P/1 – E como que era aqui a região antigamente? Tinha comércio? Como que era?
R – É, sempre teve comércio de peixe. A gente sempre tem comprador pra comprar os peixes.
P/1 – E mudou essa... Como que era antigamente? Quem comprava os peixes?
R – Quem comprava são as mesmas pessoas que compram até hoje. São atravessadores, né, no caso. Só que um tempo atrás havia muita fartura de peixe, mas o peixe também não tinha muito valor como tem hoje. Hoje tem menos peixe, mas o peixe tem mais valor.
P/1 – E como que se dá essa relação com o atravessador?
R – É, essa relação com o atravessador é comum de... A gente vende o peixe pra ele, uns pagam na hora, outros não, né? E infelizmente a gente tem que vender o peixe pelo preço que ele quer pagar. Hoje a gente não tem a autonomia de colocar o preço no nosso peixe. Pescador em Cabo Frio, nós não temos uma cooperativa. Então o pescador hoje ele vive na mão do atravessador e essa realidade ela já vem de muitos anos aqui na cidade de Cabo Frio.
P/1 – Você falou que faz pescaria de linha, né?
R – Isso.
P/1 – Tem outros pescadores que também fazem esse tipo de pesca aqui, artesanal?
R – Sim, sim.
P/1 – Como que vocês se organizam pra esse tipo de pesca?
R – A gente se organiza da forma seguinte: a gente tem o barco, a gente compra os equipamentos, as linhas, os anzóis, chumbada, os aparelhos, todos que próprio para pesca mesmo, de linha. A gente mesmo confecciona nossos aparelhos.
P/1 – Como é que é a confecção desses aparelhos?

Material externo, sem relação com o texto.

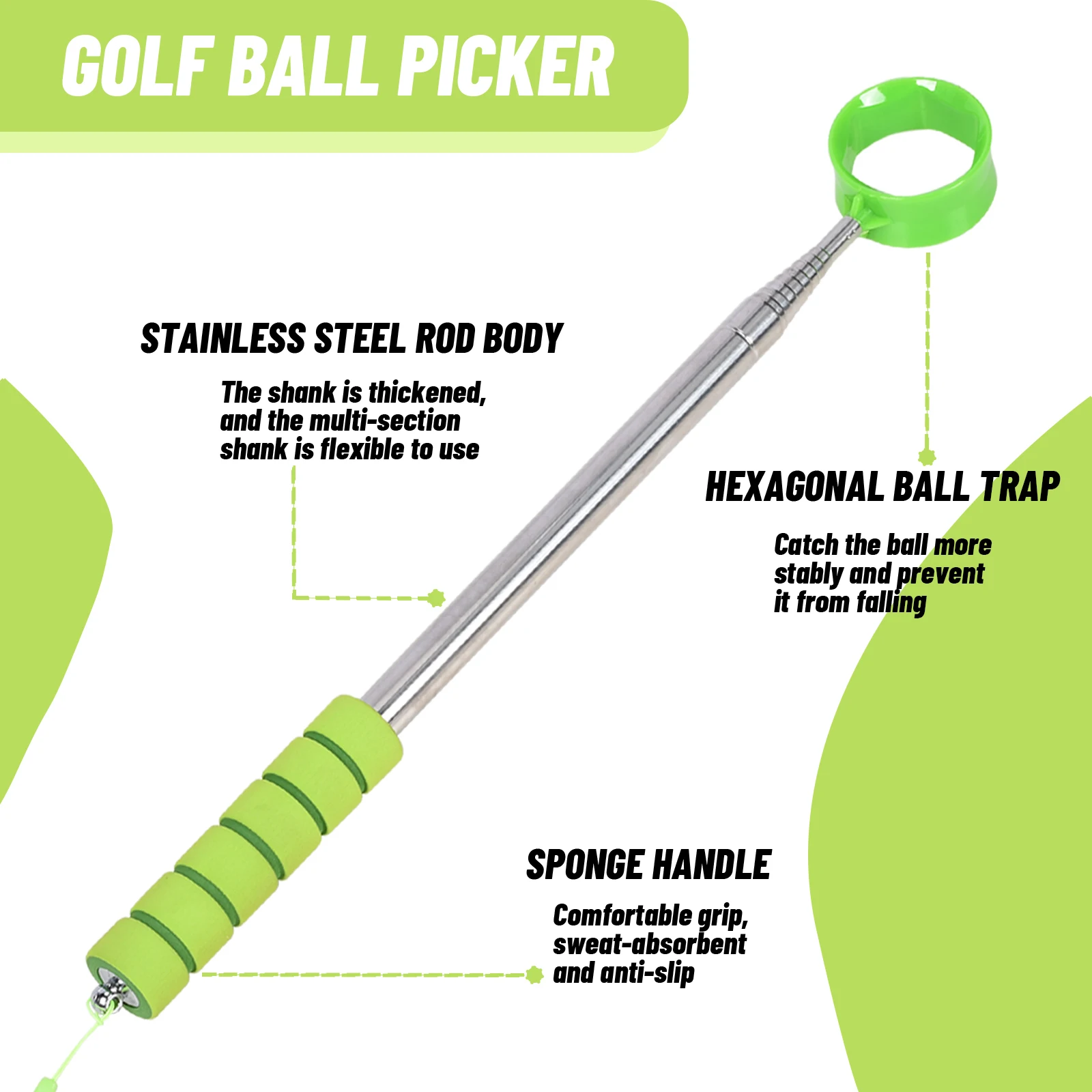 Golf Ball RetrieverTelescopic Stainless Steel Shaft High Durability Double-Sided Ball Picker Upper Grabber Golf Gifts for Golfers

R – É assim, você vai na casa. Você compra só o anzol puro e a linha. A linha você vai, pega ela, estica ela, prepara, aí você arruma um isopor, uma tábua pra enrolar aquela linha, tal. Aí ali você faz um –se você for pescar de anzol você faz uma pargueira, né, que a gente colocar dois, três, quatro anzóis e a chumbada embaixo. A gente mesmo que prepara, né? E tem outras modalidades de pescaria artesanal que a gente prepara em casa também, que são iscas artificiais na verdade, né, que tem o bate-puxa que a gente faz. Tem a forma que coloca chumbo. Aí a gente compra um cabelo artificial que vende aí no comércio em Cabo Frio e a gente confecciona aqueles aparelhos ali mesmo em casa, com a mão, pra capturar peixe.

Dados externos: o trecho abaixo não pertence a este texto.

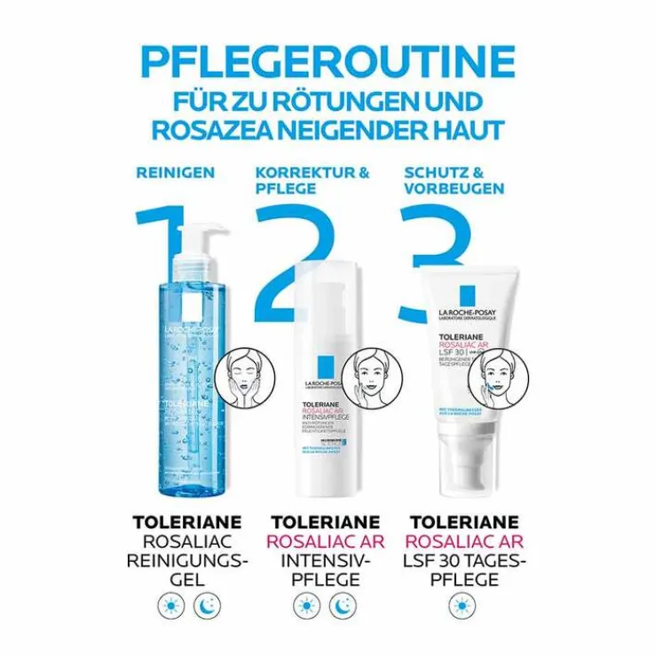 Das Reinigungsgel Toleriane Rosaliac täglich morgens und/oder abends anwenden. Dazu den Gesichtsreiniger mit einem Wattepad oder mit den Fingerspitzen auf die Haut von Gesicht, Hals und Dekollete auftragen. Mit kreisenden Bewegungen das Reinigungsgel verteilen und mit dem Wattepad vorsichtig abwischen. Ein weiteres Abspülen mit Wasser ist nicht notwendig.

P/1 – E quem te ensinou a fazer esse tipo de... Que você aprendeu?
R – Assim, você vai vendo a outra pessoa fazer, você vai vendo como é que é e você mesmo vai desenvolvendo a sua criatividade, entendeu?
P/1 – E você já ensinou alguém a fazer?
R – Não. Sempre aprendendo.
P/1 – Quando você sai pra pescar, quantas vezes por semana você sai?
R – Geralmente a gente sai, por semana, quatro, cinco vezes.
P/1 – E quantas horas vocês pescam, por dia?
R – Uma faixa aí de seis horas, sete horas.
P/1 – Que tipo de peixe, tem algum tipo de peixe durante o ano que tem mais numa época, tem em outra?
R – Tem sim. Agora, mês de março, abril, vem a época da lula, né, onde a gente usa um aparelho chamado zangareio pra capturá-la, né? E a lula, ele dá na região de Arraial do Cabo e aqui em Cabo Frio também, e a gente tá sempre capturando ela aí.
P/1 – Como que é esse aparelho?
R – O zangareio é um aparelho que parece uma lulinha mesmo, de chumbo, e tem umas garrazinhas em baixo, onde ela cola ali e puxa. Aí ela fica, ela se agarra ali naquelas garras. E tem outros peixes que a gente captura de linha, xareletes, anchova, né?
P/1 – Qual que dá, vende melhor? Como funciona?
R – O peixe mais popular aqui na nossa região é o xarelete e anchova.
P/1 – Você falou que sai com seu barco, né?
R – Isso.
P/1 – Falou que o barco é seu. Como que você conseguiu esse barco, né, esse primeiro barco?
R – Foi assim, a história é muito interessante. Eu tive o primeiro barco, só que aí não sei, não dei sorte, o motor bateu duas vezes, aí eu vendi esse barco, falei assim: “pô, vou em busca de uma coisa melhor”, e comecei a guardar dinheiro, pescando com esse colega meu que eu te falei, que a gente pescou cinco anos juntos. Eu comecei a guardar dinheiro, tal, a juntar, abrir mão de muitas coisas, porque eu acho que quando a gente tem um objetivo na vida, a gente tem que abrir mão de algumas coisas em prol desse objetivo e a gente, pra conseguir alguma coisa, nós temos que ser determinados; e eu determinei isso pra minha vida. Eu juntei o dinheiro, falei que ia conseguir, corri atrás daquele objetivo e consegui.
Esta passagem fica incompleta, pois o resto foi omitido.